Website Launch
In launching online store, author Tim Dreby comes out of the closet to promote his writing platform. Selling books and services independently marks a new beginning for the middle-age writer who works redefine the manner in which the public understands psychosis.





Oakland, California (PRWEB) July 09, 2018
July 7, 2018, in the volatile market of indie books and treating psychosis, is there any such thing as a guidebook? Ever since canceling a book contract to maintain the integrity of his work, author Tim Dreby has struggled with a profound sense of invisibility.
Like many independent authors in this era, Tim took to marketing with little guidance, time or money when his memoir Fighting for Freedom in America was released. Busy finishing up a grant program that was constructed off his own theoretical training platform, he did not immediately rise in Amazon’s ranks.
“There was barely time to read books on marketing,” says Tim. “I still was ambivalent about having my private world public. I couldn’t even get my mother to look at the book for two years and was worried how she would feel about it.” Much like the book was constructed organically and shaped into something that works,Tim approached the issue of being an author the iconoclastic tradition of authors he most admires, J.D. Salinger and Charles Bukowski, without doing research or conforming to social dictates.

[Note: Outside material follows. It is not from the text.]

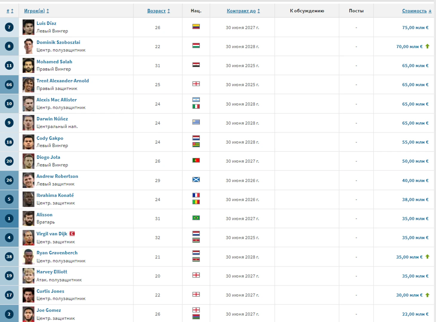 А вот как выглядит топ самых дорогостоящих игроков «Ливерпуля» по версии Тransfermarkt:
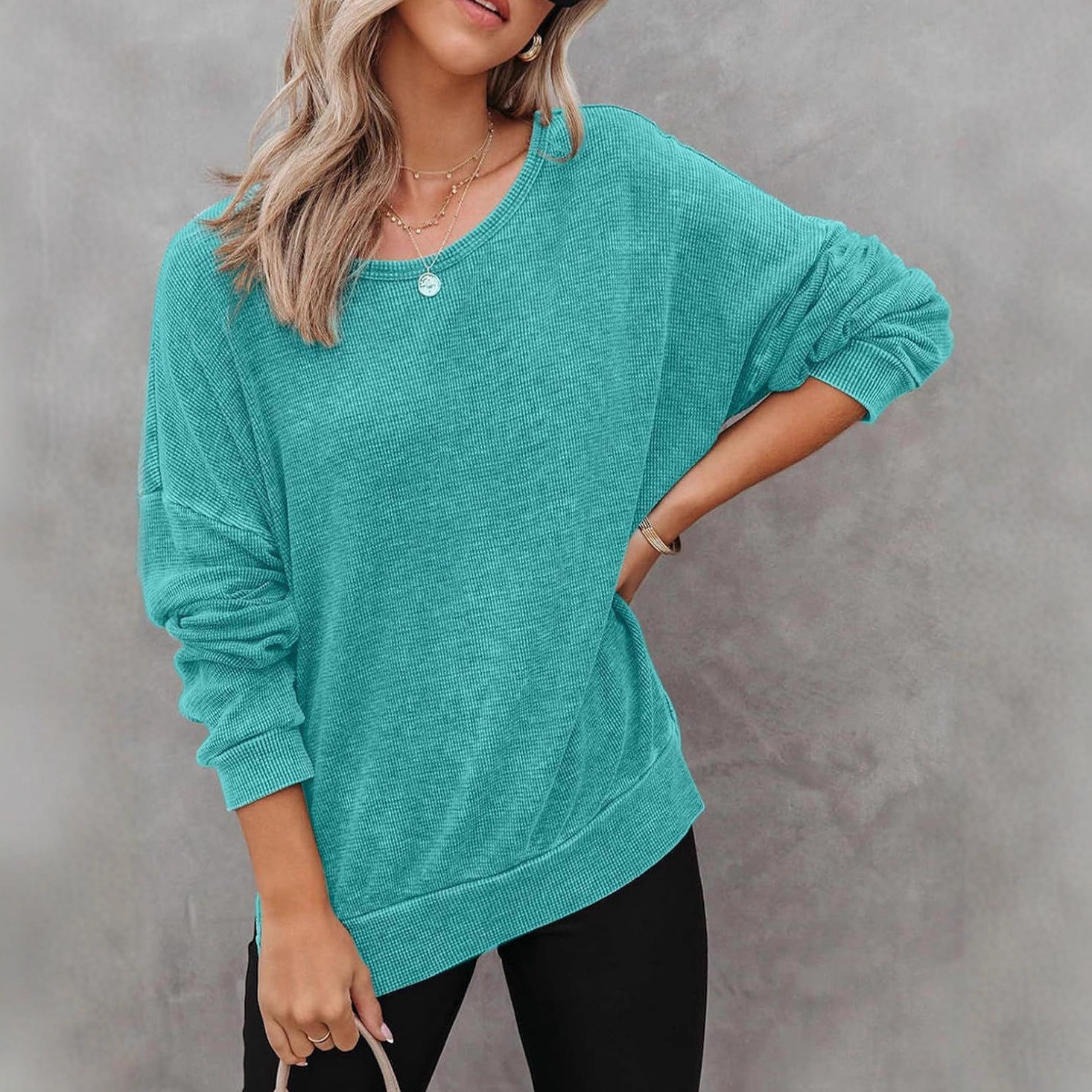 2025欧美跨境女装 亚马逊秋季新款圆领长袖侧开叉华夫格卫衣T恤女

He told an NPR journalist in a preliminary interview that he’d often heard things in local radio broadcasts about mental health that are offensive. Correspondence was cut off. Right before an interview with Malik Shakur of The Knowledge Show he signed into the page and viewed the image of a packaged condom that was ripped open. Tim felt it was an interesting interaction, yet was not invited back. On his interview with Will Hall on Madness Radio one listener commented, “For me this interview was one of the more ‘off beat’ ones I’ve heard thus far. Off beat in the sense of fascinating, informative, on the slightly bizarre side . . ., vulnerable, respectful, inclusive and ultimately oh so human.”
Tim’s former pen name still rests on his memoir, Clyde Dee. Clyde is Tim’s middle name and Dee is the first letter of his last name and the last name of his second favorite rapper all time.
Tim’s okay with owning his own experience and has found that family members support him or take offense regardless of the use of a pseudonym. Building a platform to promote his writing and sell his training and memoir has been a slow process and involved learning some new skills. He approaches marketing in a similar way that he has approached working with people who are in psychosis, listening to his own spirit more than guidebooks.
The site is full of mental health essays, poetry, and rough drafts and summations of his work with special messages.